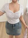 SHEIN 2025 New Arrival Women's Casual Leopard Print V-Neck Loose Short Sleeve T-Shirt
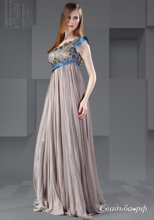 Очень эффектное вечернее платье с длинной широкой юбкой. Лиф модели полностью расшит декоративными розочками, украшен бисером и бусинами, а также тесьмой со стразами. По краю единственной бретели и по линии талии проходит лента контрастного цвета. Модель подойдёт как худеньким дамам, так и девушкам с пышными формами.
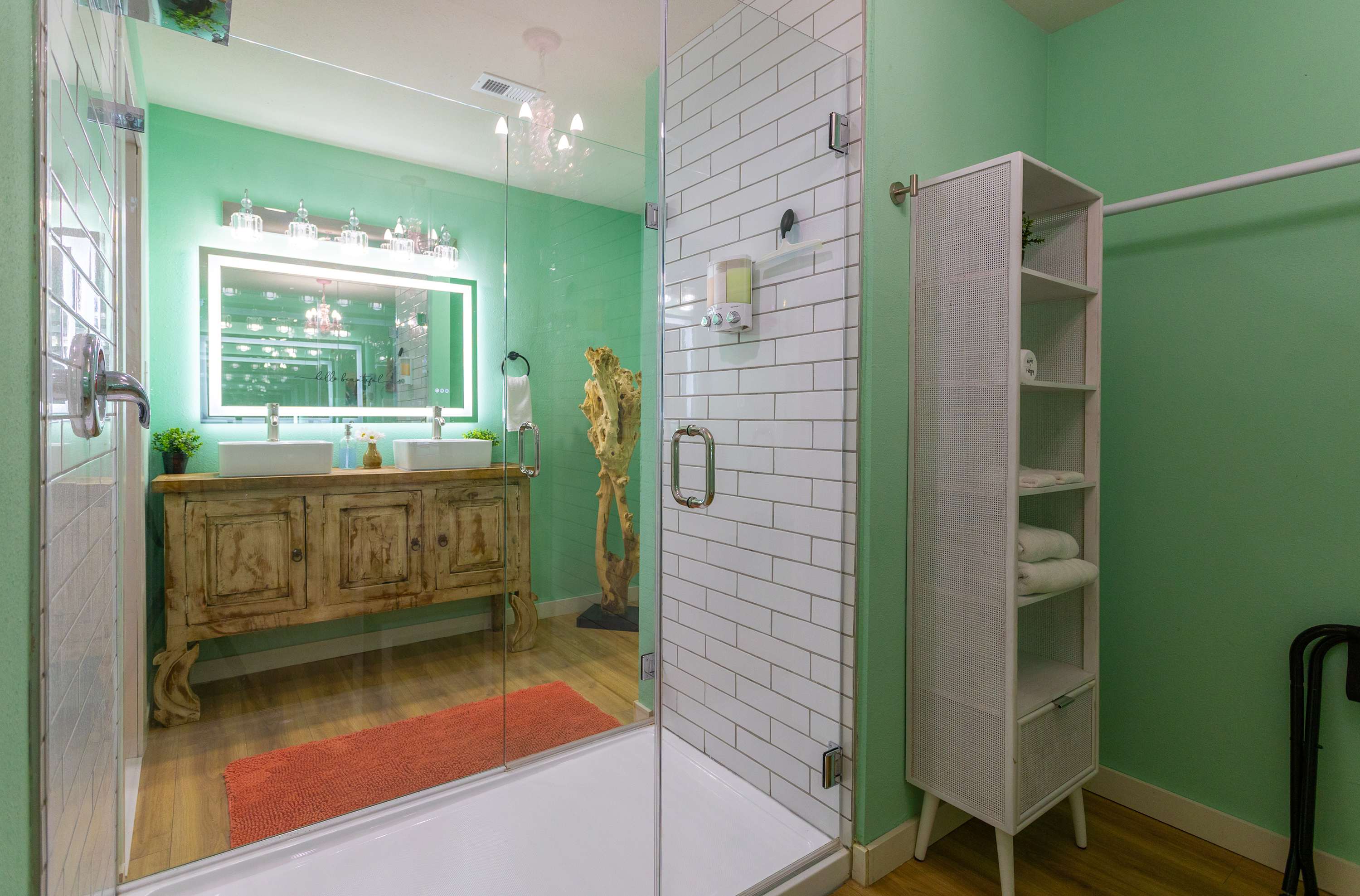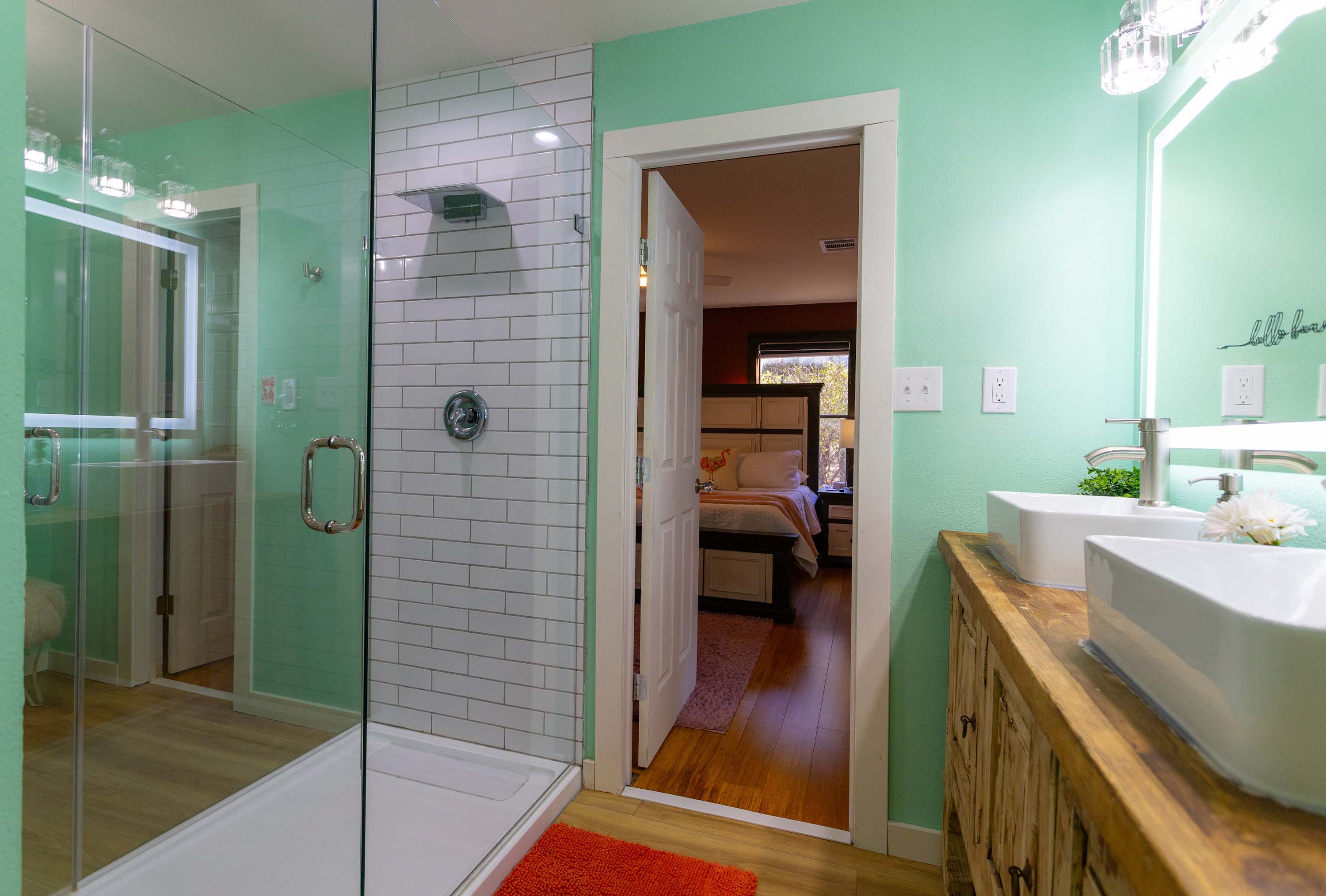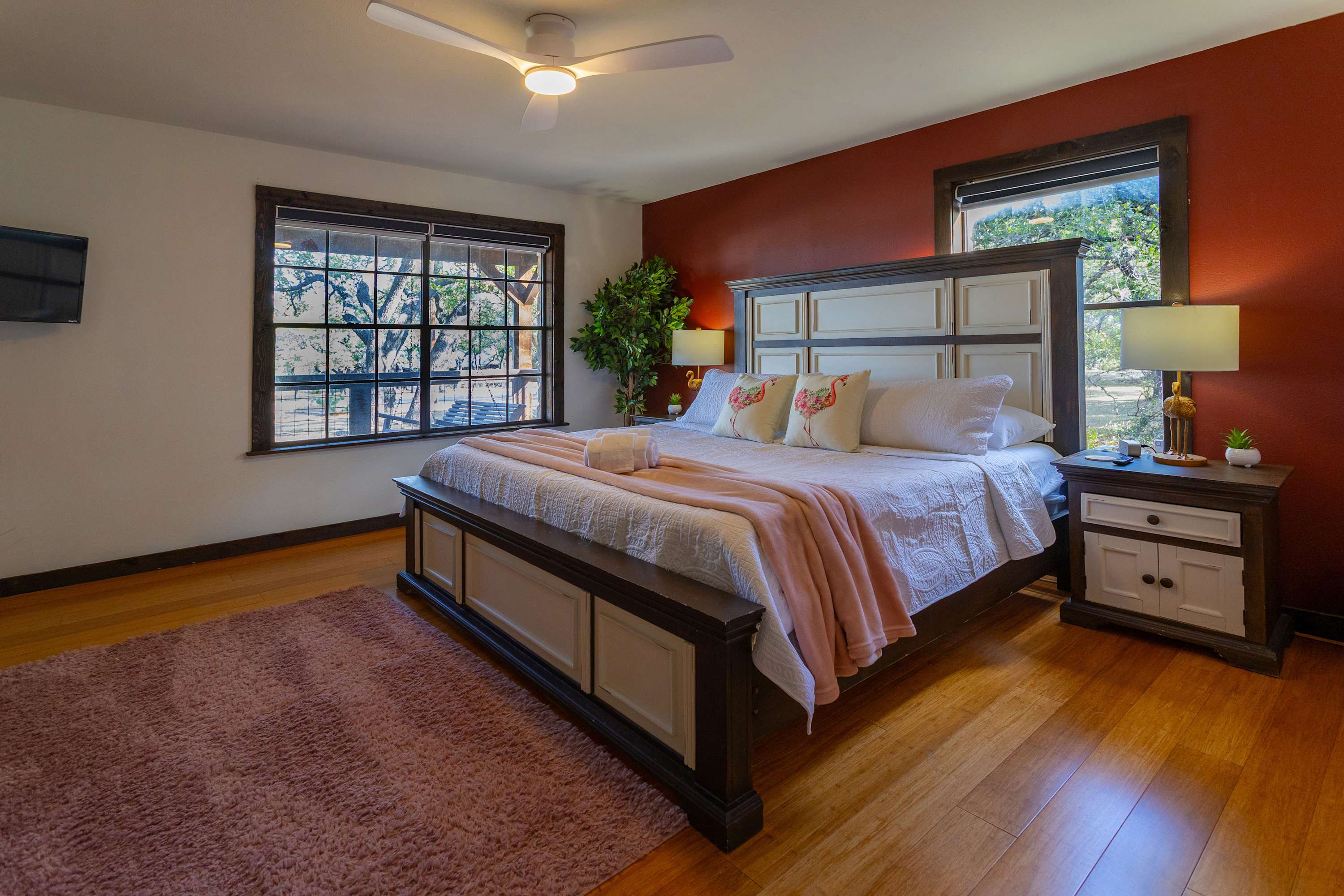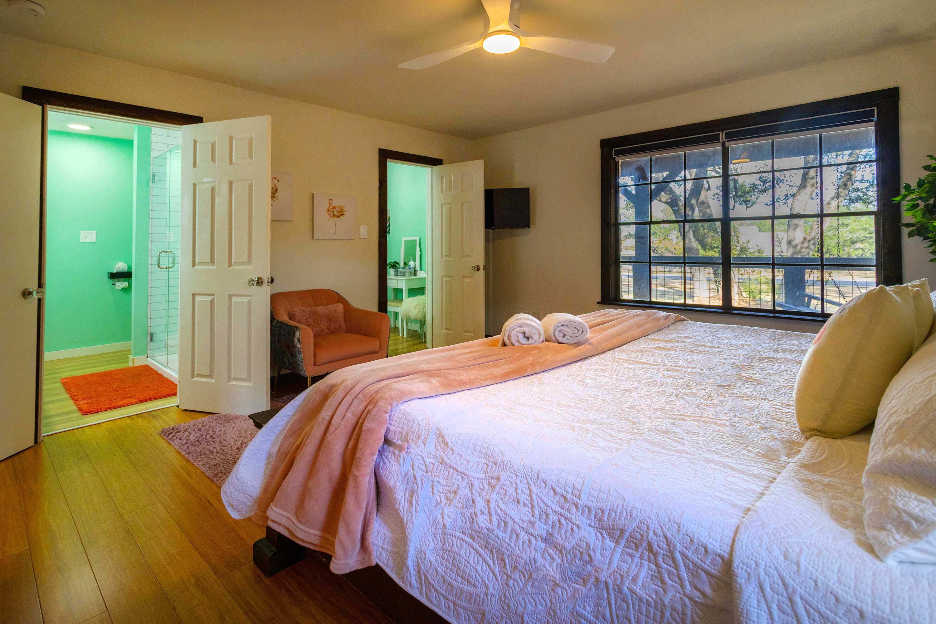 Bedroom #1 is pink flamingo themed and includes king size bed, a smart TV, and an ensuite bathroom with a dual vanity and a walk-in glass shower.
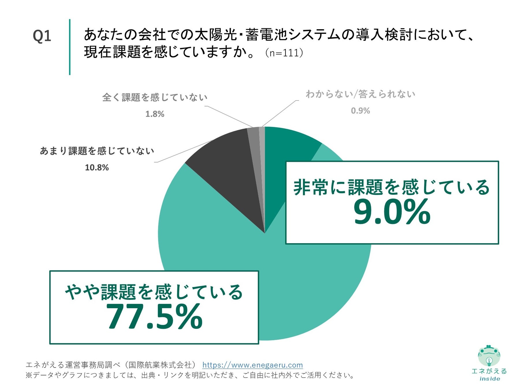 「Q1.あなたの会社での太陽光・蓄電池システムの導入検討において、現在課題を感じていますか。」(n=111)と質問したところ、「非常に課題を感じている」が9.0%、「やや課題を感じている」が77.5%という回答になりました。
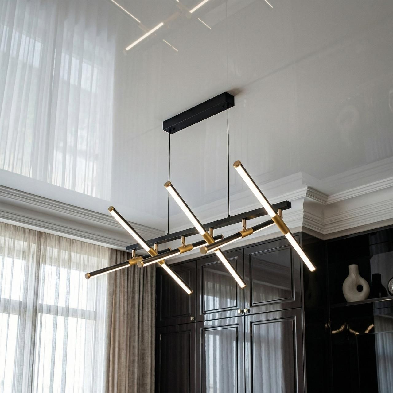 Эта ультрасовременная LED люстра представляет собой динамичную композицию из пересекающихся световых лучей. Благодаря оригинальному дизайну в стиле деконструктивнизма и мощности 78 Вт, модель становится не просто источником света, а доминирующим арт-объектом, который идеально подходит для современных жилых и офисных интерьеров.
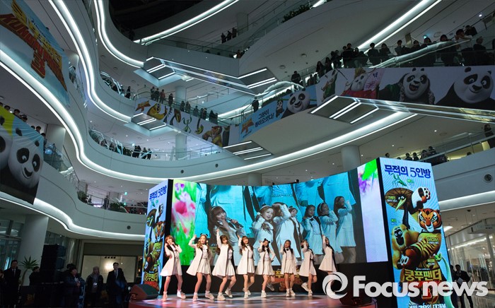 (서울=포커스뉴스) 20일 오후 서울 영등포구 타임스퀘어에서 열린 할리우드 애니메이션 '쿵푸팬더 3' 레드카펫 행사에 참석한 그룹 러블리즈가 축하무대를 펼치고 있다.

------

> REQUIREMENT: Pictures excluded, set down all the entries exactly.

> SOLVED PROBLEM:
 SHEIN 2025 New Arrival Women's Casual Leopard Print V-Neck Loose Short Sleeve T-Shirt
 Очень эффектное вечернее платье с длинной широкой юбкой. Лиф модели полностью расшит декоративными розочками, украшен бисером и бусинами, а также тесьмой со стразами. По краю единственной бретели и по линии талии проходит лента контрастного цвета. Модель подойдёт как худеньким дамам, так и девушкам с пышными формами.
 Bedroom #1 is pink flamingo themed and includes king size bed, a smart TV, and an ensuite bathroom with a dual vanity and a walk-in glass shower.
 「Q1.あなたの会社での太陽光・蓄電池システムの導入検討において、現在課題を感じていますか。」(n=111)と質問したところ、「非常に課題を感じている」が9.0%、「やや課題を感じている」が77.5%という回答になりました。
 Эта ультрасовременная LED люстра представляет собой динамичную композицию из пересекающихся световых лучей. Благодаря оригинальному дизайну в стиле деконструктивнизма и мощности 78 Вт, модель становится не просто источником света, а доминирующим арт-объектом, который идеально подходит для современных жилых и офисных интерьеров.
 (서울=포커스뉴스) 20일 오후 서울 영등포구 타임스퀘어에서 열린 할리우드 애니메이션 '쿵푸팬더 3' 레드카펫 행사에 참석한 그룹 러블리즈가 축하무대를 펼치고 있다.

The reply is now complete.